I just got some of this delicious stuff in, and I want to layer it inside of a choc mousse terrine. I'm afraid it will get soggy and weird. Does anyone know of a way I can prevent that? Is there a mixture I can make instead of just putting it directly on the middle? I've had these in the middle of chocolates in France and I just died it was so good.


----------



## rat (Mar 2, 2006)

We usually coat it first with melted chocolate, a little goes a long way. We heat the Feuillitine on a sheet pan to crisp it, then coat it with a little melted chocolate. When it sets it will not get soggy, it can also be used fro garnishes as well.


----------



## tri2cook (Nov 25, 2007)

Spreading it out and giving it a light spray with cocoa butter while tossing it around a time or three works pretty good too. I do that when I'm going to use it in something that doesn't include chocolate as a component.


----------



## harpua (May 4, 2005)

Thanks a lot! The chocolate idea worked well.


----------



## harpua (May 4, 2005)

Another note - I made one of the best things I've ever tasted with this stuff. 
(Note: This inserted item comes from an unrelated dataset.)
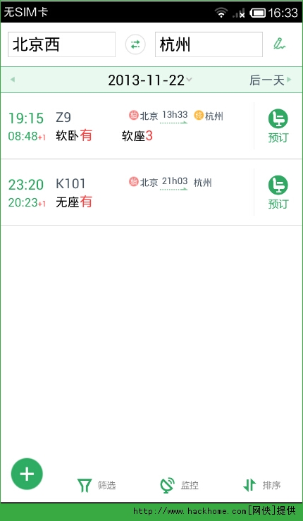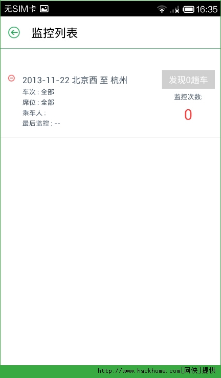 监控功能是在当前无票的情况下,对相应条件(起点/终点站、车次、时间、席位)提前设置再进行监控,等有票放出时,就能极时提醒,快速完成预定或查看可选结果。

I roasted my own peanuts and made my own PB and mixed it with dark choc, butter, and prepared feullitine (coated in chocolate so it doesn't get soggy- see above), and then spread it out, let it cool and cut it into little candy bars. Served it as part of a guinness sundae. So amazing. In the past I did something similar with praline paste and rice crispies....


----------